Your employee meets with your boss for a “skip level” meeting.  After the meeting, the employee’s boss’s boss (your boss) tells you what a sharp employee you have.

Or, let’s say that your boss tells you that your employee needs to “change his attitude” and “has concerns about your employee.”  This is very direct feedback about the employee, and it comes from an excellent authority (your boss), and if you disagree with it, you disagree with your boss.

But this information is entirely suspect.

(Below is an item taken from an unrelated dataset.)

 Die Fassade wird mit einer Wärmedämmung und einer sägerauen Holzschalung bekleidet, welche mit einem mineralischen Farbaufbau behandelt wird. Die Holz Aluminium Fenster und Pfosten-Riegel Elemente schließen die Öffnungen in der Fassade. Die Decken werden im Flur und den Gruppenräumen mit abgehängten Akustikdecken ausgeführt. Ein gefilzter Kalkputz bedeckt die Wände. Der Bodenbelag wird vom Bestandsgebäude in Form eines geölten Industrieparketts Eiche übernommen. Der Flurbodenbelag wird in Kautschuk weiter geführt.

Whether the feedback from the “big boss” is positive or negative, the only thing it reveals is how the employee performed during the meeting with the boss.  And unless your employee’s job duty is to meet with your boss, it actually has nothing to do with the expected performance on the job.  So if the feedback is negative, do you spend time trying to correct your employee’s behavior during the time the employee meets with the big boss, when it isn’t related to the employee’s job duties?

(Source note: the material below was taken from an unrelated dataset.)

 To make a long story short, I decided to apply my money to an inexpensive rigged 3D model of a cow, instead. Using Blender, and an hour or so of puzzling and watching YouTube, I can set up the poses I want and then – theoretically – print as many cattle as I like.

In addition, the big boss often prides him or herself on the ability to cut through things and come to conclusions quickly, succinctly, and immediately.  The big boss will come to a conclusion about the employee based on the data provided in the one-on-one meeting, and will expect this conclusion to be corroborated by you and everyone else.

The big boss, in this process, will put a tag on the employee, whatever it is.  Here are some examples of tags:

Up-and-comer

Introverted

Not a go-getter

Whip-smart

Not aware of the issues

Could be a problem

. . .or, the dreaded, ambiguous, “I’m not sure about him.”

What’s worse, since the “tag” originated with the big boss, it will likely stick.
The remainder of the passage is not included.